● Description of the task: When you return the data, keep every line exactly as it is and leave out the pictures.

● Information provided:
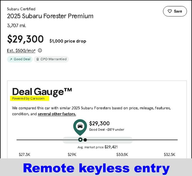 Subaru Certified Pre-Owned Details: * Vehicle History * Roadside Assistance * Transferable W, 4-Wheel Disc Brakes, 6 Speakers, ABS brakes, Air Conditioning, AM/FM radio: SiriusXM with 360L, Automatic temperature control, Brake assist, Electronic Stability Control, Emergency communication system: STARLINK Safety and Security (Subscription Required), Exterior Parking Camera Rear, Four wheel independent suspension, Front dual zone A/C, Front fog lights, Fully automatic headlights, Heated door mirrors, Heated Front Bucket Seats, Outside temperature display, Power door mirrors, Power driver seat, Power moonroof: Panoramic, Premium Textured Cloth Upholstery, Radio data system, Radio: Subaru STARLINK 11.6" Multimedia Plus System, Rear window defroster, Rear window wiper, Remote keyless entry, Speed control, Speed-sensing steering, Split folding rear seat, Standard Model, STARLINK/Apple CarPlay/Android Auto, Steering wheel mounted audio controls, Telescoping steering wheel, Tilt steering wheel, Wheels: 17" x 7.0 J Dark Metallic Aluminum-Alloy. Certified. Subaru Certified Pre-Owned Details:
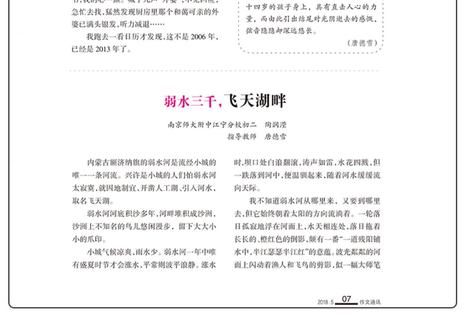 《作文通讯初中版》适合于初中一至三年级学生,全国十三所名校联袂打造,百名特级教师全力推荐,三十年品质始终如一。是中学作文良方,把握命题方向。
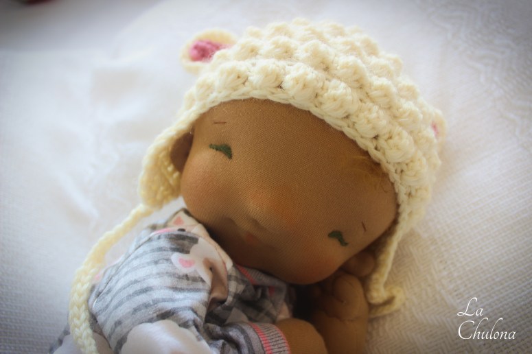 Elowyn is a 16 inch natural fibers art doll. She fits into preemie clothes but I did make all the clothes she’s wearing. Her day clothes are my favorite outfit that I made so far. I’m actually really proud of it.

● Result below:
 Subaru Certified Pre-Owned Details: * Vehicle History * Roadside Assistance * Transferable W, 4-Wheel Disc Brakes, 6 Speakers, ABS brakes, Air Conditioning, AM/FM radio: SiriusXM with 360L, Automatic temperature control, Brake assist, Electronic Stability Control, Emergency communication system: STARLINK Safety and Security (Subscription Required), Exterior Parking Camera Rear, Four wheel independent suspension, Front dual zone A/C, Front fog lights, Fully automatic headlights, Heated door mirrors, Heated Front Bucket Seats, Outside temperature display, Power door mirrors, Power driver seat, Power moonroof: Panoramic, Premium Textured Cloth Upholstery, Radio data system, Radio: Subaru STARLINK 11.6" Multimedia Plus System, Rear window defroster, Rear window wiper, Remote keyless entry, Speed control, Speed-sensing steering, Split folding rear seat, Standard Model, STARLINK/Apple CarPlay/Android Auto, Steering wheel mounted audio controls, Telescoping steering wheel, Tilt steering wheel, Wheels: 17" x 7.0 J Dark Metallic Aluminum-Alloy. Certified. Subaru Certified Pre-Owned Details:
 《作文通讯初中版》适合于初中一至三年级学生,全国十三所名校联袂打造,百名特级教师全力推荐,三十年品质始终如一。是中学作文良方,把握命题方向。
 Elowyn is a 16 inch natural fibers art doll. She fits into preemie clothes but I did make all the clothes she’s wearing. Her day clothes are my favorite outfit that I made so far. I’m actually really proud of it.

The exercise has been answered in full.